To finish the argument, define the function {c: \{ 0,1 \}^n \rightarrow \{ 0,1 \}} such that {c(z)=1} iff {\sum_{x\in S} (-1)^{h_0(x)} g(x) < 0}, where {S} is the set that {z} belongs to. Then

  1. {c(x)} depends only on the first {\log O(\epsilon^{-2} 2^n)} bits of the input, and so it can be computed by a circuit of size {O(\epsilon^{-2}2^n)}
  2. for every {S} we have

    \displaystyle  \left| \sum_{x \in S} (-1)^{h_0(x)} g(x) \right| = \sum_{x\in S} (-1)^{c(x)} \cdot (-1)^{h_0(x)} g(x)

So, in conclusion

\displaystyle  \sum_{x \in \{ 0,1 \}^n} (-1)^{c(x) + h_0(x)} g(x) \geq 2\epsilon

meaning that setting {D(x) := c(x) \oplus h(x)} satisfies (3), and gives us a distinguisher obtaining advantage {\epsilon} and having circuit complexity {O(\epsilon^{-2} 2^n)}.

15 thoughts on “The Large Deviation of Fourwise Independent Random Variables

  1. Similar results have been obtained by Serge Vaudenay using his “decorrelation theory” [1] in the context of the design of secure block ciphers. More precisely, his paper [2] about iterated distinguishers shows that a decorrelation of order $2d$ is sufficient to resist an attack of order $d$. An open question is whether this is a necessary condition.

    [1] S. Vaudenay, “Decorrelation: A Theory for Block Cipher Security”, J. Cryptology, 16(4), 249-286, 2003.

    [2] S. Vaudenay, “Resistance against general iterated attacks”, Proceedings of Eurocrypt’99, pp. 255-271, LNCS 1592, Springer, 1999.

  2. Yeah, what James said, with Wikipedia’s Z = (\sum a_i X_i)^2. Indeed, if the X_i‘s in Lemma 2 are any (2, 4, \eta)-hypercontractive random variables, then so too is \sum a_i X_i; then Paley-Zygmund gives the lower bound (with the RHS depending on eta).

  3. Thanks, Jelani, and her calculations are much tighter, in Lemma 2 she has a factor of \sqrt 3 instead of 20 (Andreev, Clementi and Rolim had 96)

  4. Hi Pascal, what is the similarity that you see?

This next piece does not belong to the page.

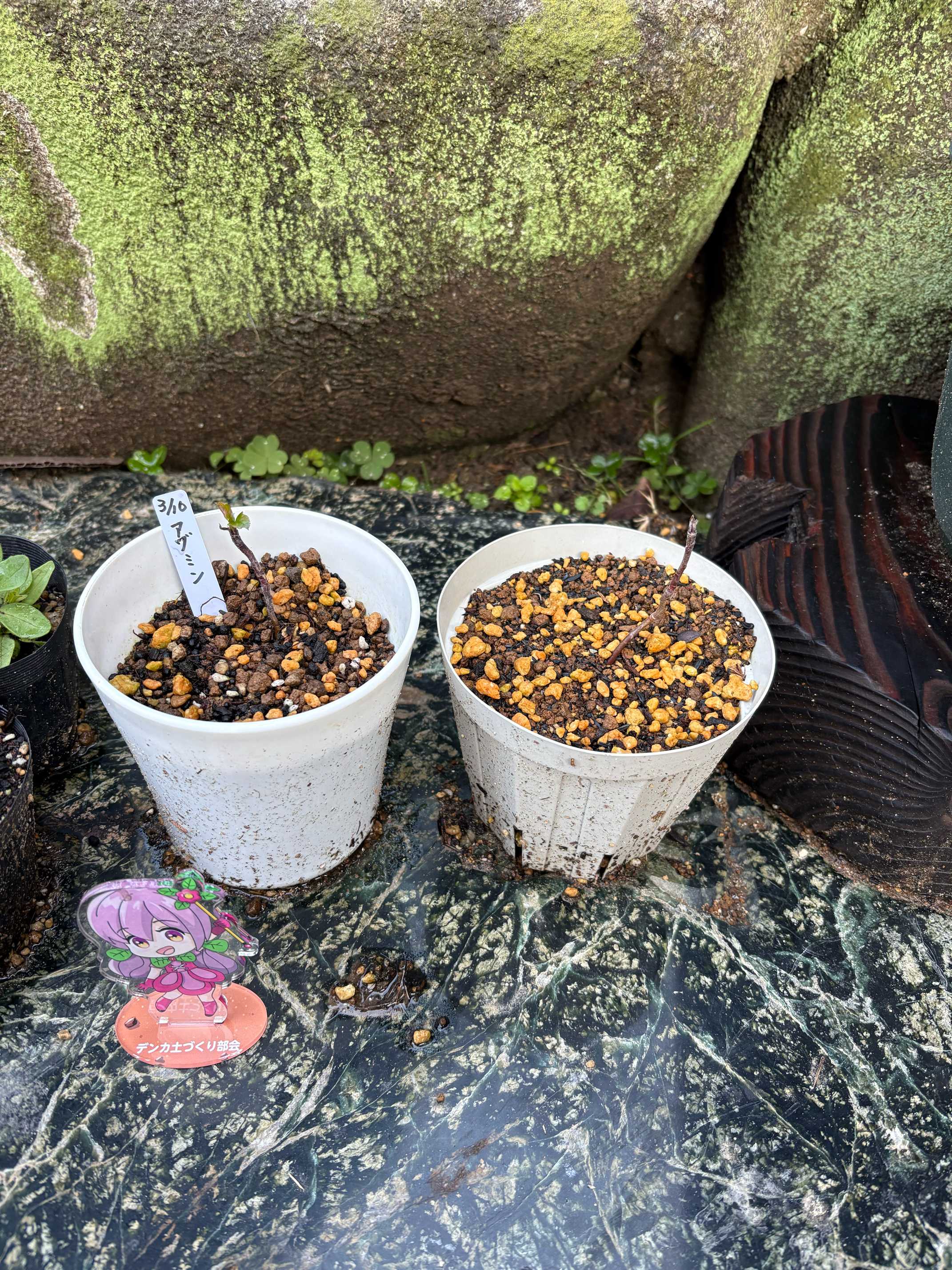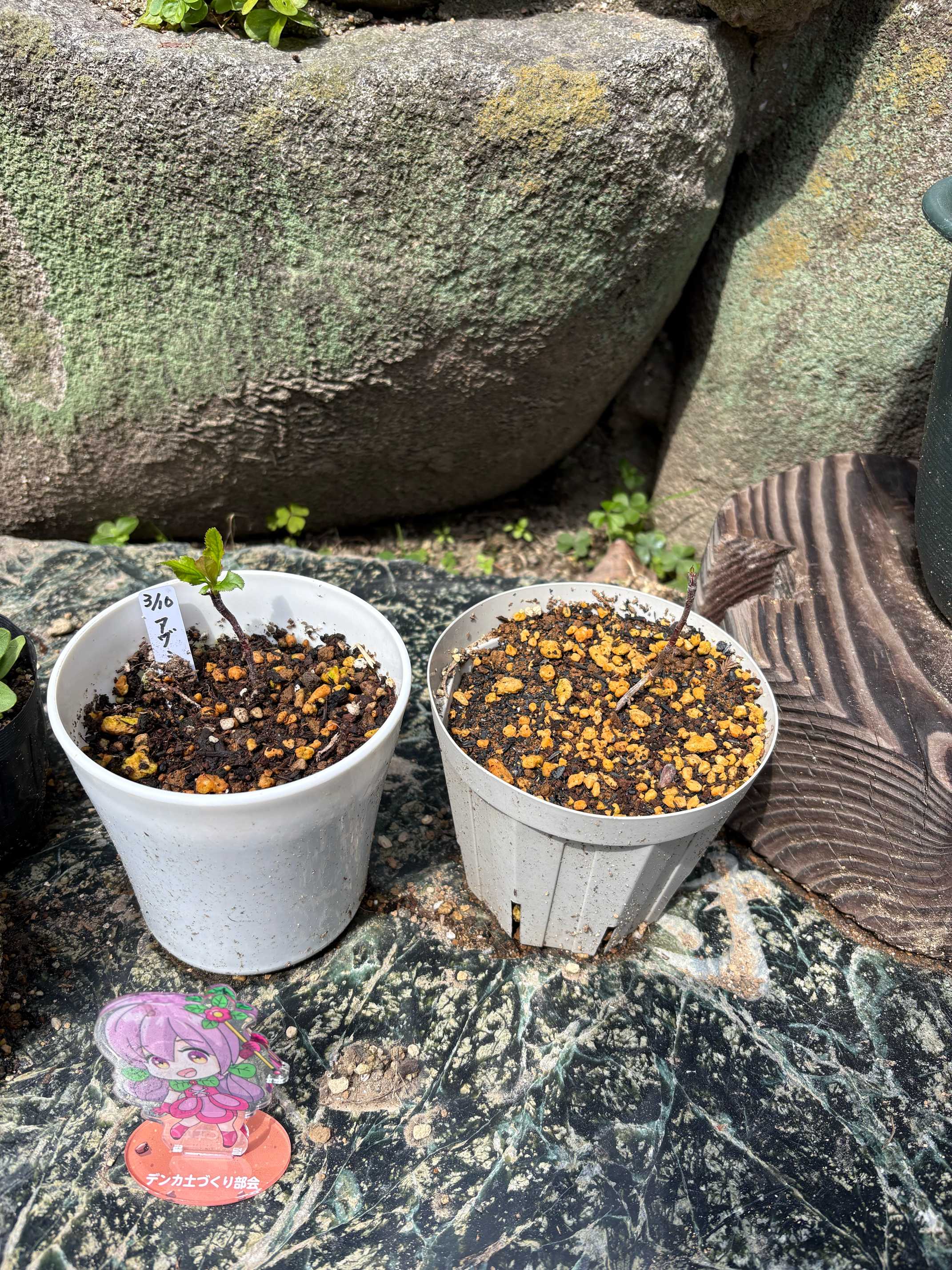 落葉して枯れたようになった実生のリンゴ弱々しい方にアヅミンを撒いてみて違いを見たいなって思っていたら、もう新芽が出てきてる

Vaudenay shows that if a family of permutations is close to k-wise independent under certain norms then certain classes of attackers have small advantage in distinguishing a function from the family from a truly random permutation. (And some of those conditions are necessary in order to upper bound the advantage of distinguishers from those classes.)

    Here we have a completely arbitrary distribution over n-bit strings that is far from uniform in total variation distance (for concreteness I have talked about the output of a length-increasing generator) and we show that, within a set S, a distinguisher sampled from a 4-wise independent family of functions has typically advantage about 1/\sqrt {|S|} times the best possible advantage within the set S.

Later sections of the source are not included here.